The proliferation of Mexican-inspired foods in American culture is only accelerating.
According to the Snack Food Association, tortillas have been outselling hotdog and hamburger buns at grocery stores since 2010, and tortilla chips are selling at a faster pace than potato chips. In NFL and Major League Baseball stadiums, everyone serves nachos, which is the third largest concession seller after only popcorn and soda. That's right. More people enjoy nachos during a trip to the ballpark for America's pastime than hotdogs.
We know tortillas are popular, but how did their rise to fame happen?
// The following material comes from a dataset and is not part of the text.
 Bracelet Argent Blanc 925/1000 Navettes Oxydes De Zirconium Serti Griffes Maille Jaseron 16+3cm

As the story goes, the triangle shaped tortilla chips we love with salsa, guacamole, and queso dip gained prominence in the 1940s, when Rebecca Webb Carranza decided to take the rejected tortillas from her company's automated manufacturing line and repurpose them.
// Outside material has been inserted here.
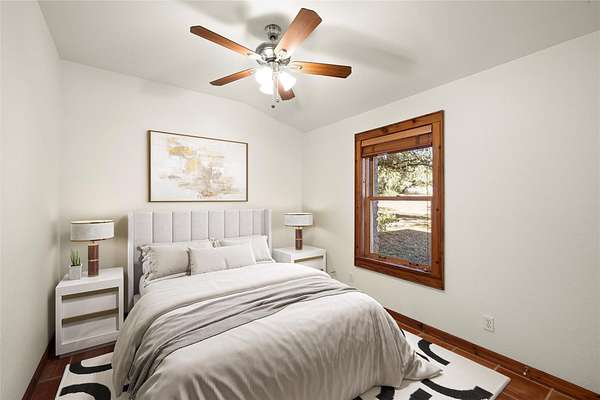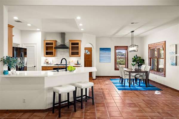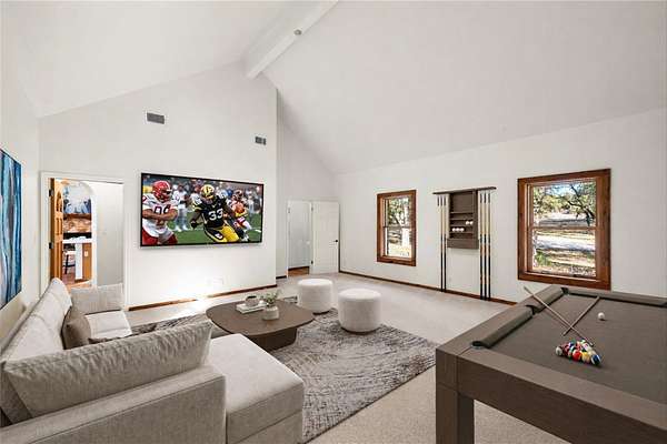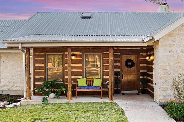 Enjoy sweeping Hill Country sunsets from this private, west-facing retreat on Sundown Ridge. Situated on a secluded 5.09-acre lot with approximately 40 feet of elevation change, the property was selected for its long-range views, mature oak trees, and dramatic limestone outcroppings. Native wildlife, including free-roaming deer, enhances the peaceful, natural setting. Designed for both privacy and flexibility, the property offers an Austin address, low Hays County tax rate, efficient utilities, and zoned to exemplary Dripping Springs ISD. With ample acreage, there is room to add a pool, guest house, additional residence, horses, or explore short-term rental opportunities. Outdoor living is highlighted by a 540-square-foot covered back porch with rustic timber posts, limestone steps, and a concrete floor. Beyond the outer edge of the backyard, the land drops an additional 20 feet, perfectly framing the sunset views. The home features classic Hill Country architecture with a log-style front porch, limestone accents, and an R-panel screw-down metal roof. Built with energy-efficient structural insulated Panels (10" roof panels and 6" walls), the home was awarded "Superior Energy Efficiency" by PEC when it was built. Inside, the open-concept layout connects the living, dining, kitchen, and office areas, accented by terra-cotta style tile floors, vaulted ceilings, exposed beams, skylights, and a stone fireplace. Long-leaf pine trim adds warmth throughout. The kitchen was renovated in 2023 with quartz countertops, subway tile, and stainless steel appliances, and the HVAC was replaced the same year. The vaulted primary suite features French doors, a soaking tub, glass shower, dual vanities, and a skylight. Two secondary bedrooms share a stylish bath, and a large 572-square-foot recreation or game room with a half bath completes the home. This is one you don't want to miss - a rare Hill Country retreat offering privacy, versatility, and convenience.

As a way to reduce food waste and create new revenue streams in her Mexican deli and tortilla factory near Los Angeles, she decided to cut the rejects into triangles and fry them, selling them in dime bags at the El Zarape Tortilla Factory.
In 1994, Carranza received the Golden Tortilla award for her contribution to the Mexican food industry, and in 2006, she passed away at the age of 98.
Tortilla chips are such an engrained part of our lives, from the free appetizer before dinner to Super Bowl parties, but the really do have a point of origin in American culture, and know you know what it is.